Параметры передаваемого пакета:
Имя параметра | Описание | Примечание |
app_id: | Имя сервера | Имя сервера передающего пакет |
user_id | Имя пользователя | |
type: | Тип пакета | “HOSPITALISATION” |
message_id: | Идентификатор пакета | guid |
content_encoding | Кодировка | utf-8 |
content_type: | Тип контента | Xml |
Пример:
app_id: | TEST.RKB |
user_id: | AKUZ16 |
type: | HOSPITALISATION |
message_id: | c0cb3412-140f-41c0-90a6-d79607217411 |
content_encoding: | utf-8 |
content_type: | Xml |
Особенности формирования файла
Наименования элементов должны соответствовать структурам файла – Таблицы.

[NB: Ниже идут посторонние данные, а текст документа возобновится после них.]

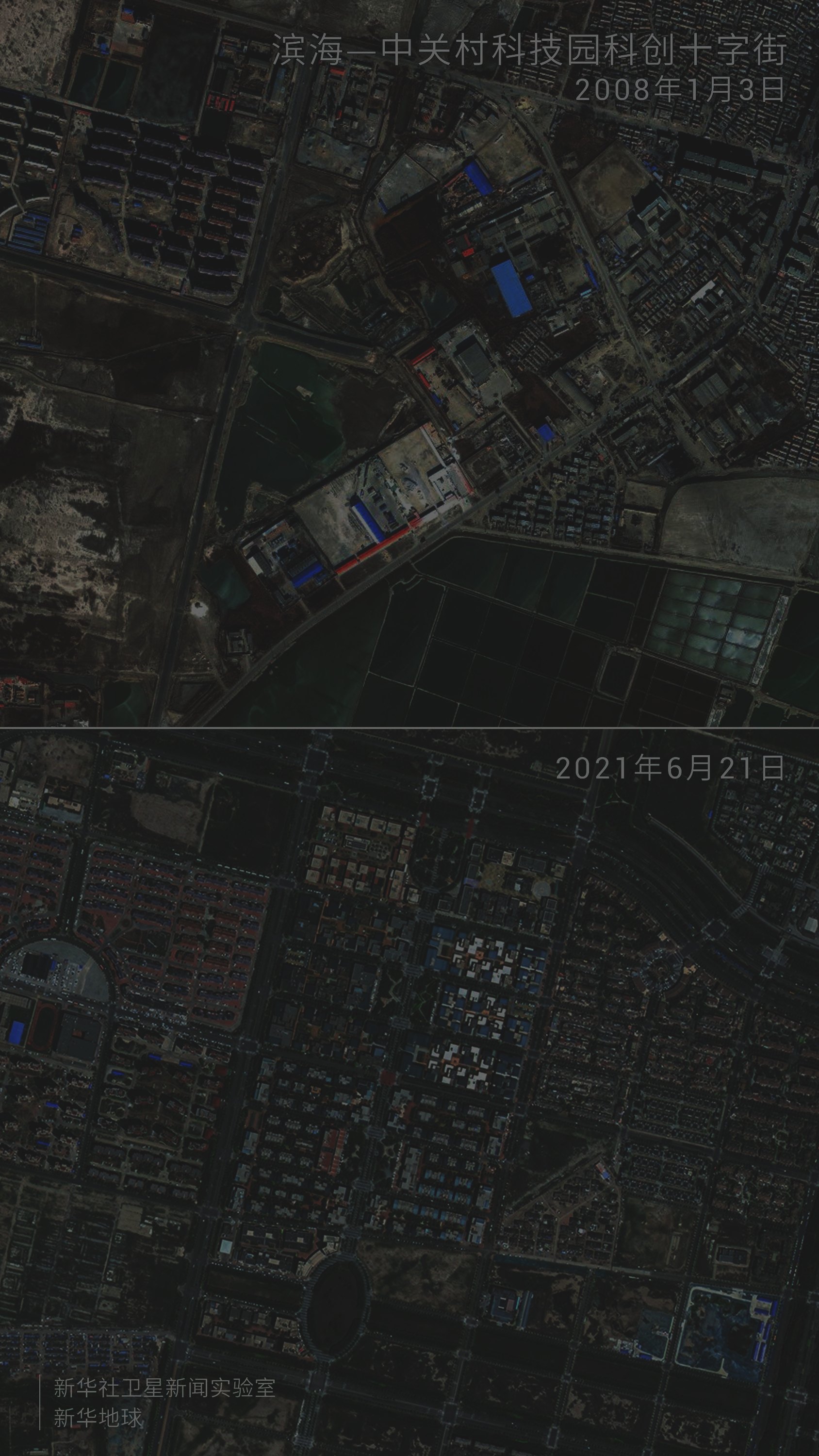 衛(wèi)星拍攝的天津濱?!嘘P(guān)村科技園科創(chuàng)十字街前后對比圖。

Пустые элементы (теги) в файл не включаются.
Значения полей
2.1. В столбце «Обяз.» указана обязательность содержимого элемента (реквизита), один из символов - О, У, а также М. Символы имеют следующий смысл:
О – обязательный реквизит, который должен обязательно присутствовать в элементе;
У – необязательный реквизит, который может, как присутствовать, так и отсутствовать в элементе. При отсутствии, не передается.
М – реквизит, определяющий множественность данных, может добавляться к указанным выше символам.
2.2. В столбце «Формат» для каждого элемента указывается – символ формата. Символы формата соответствуют вышеописанным обозначениям:
Char – <текст>;
Num – <число>;
Date – <дата> в формате ГГГГ-ММ-ДД;
Guid – <идентификатор>;
DateTime – <дата> в формате ГГГГ-ММ-ДД ЧЧ:ММ:CC;
S – <элемент>; составной элемент, описывается отдельно;
2.3. В столбце «Размер» – максимальная длина элемента. Разделитель целой и дробной части для чисел - точка.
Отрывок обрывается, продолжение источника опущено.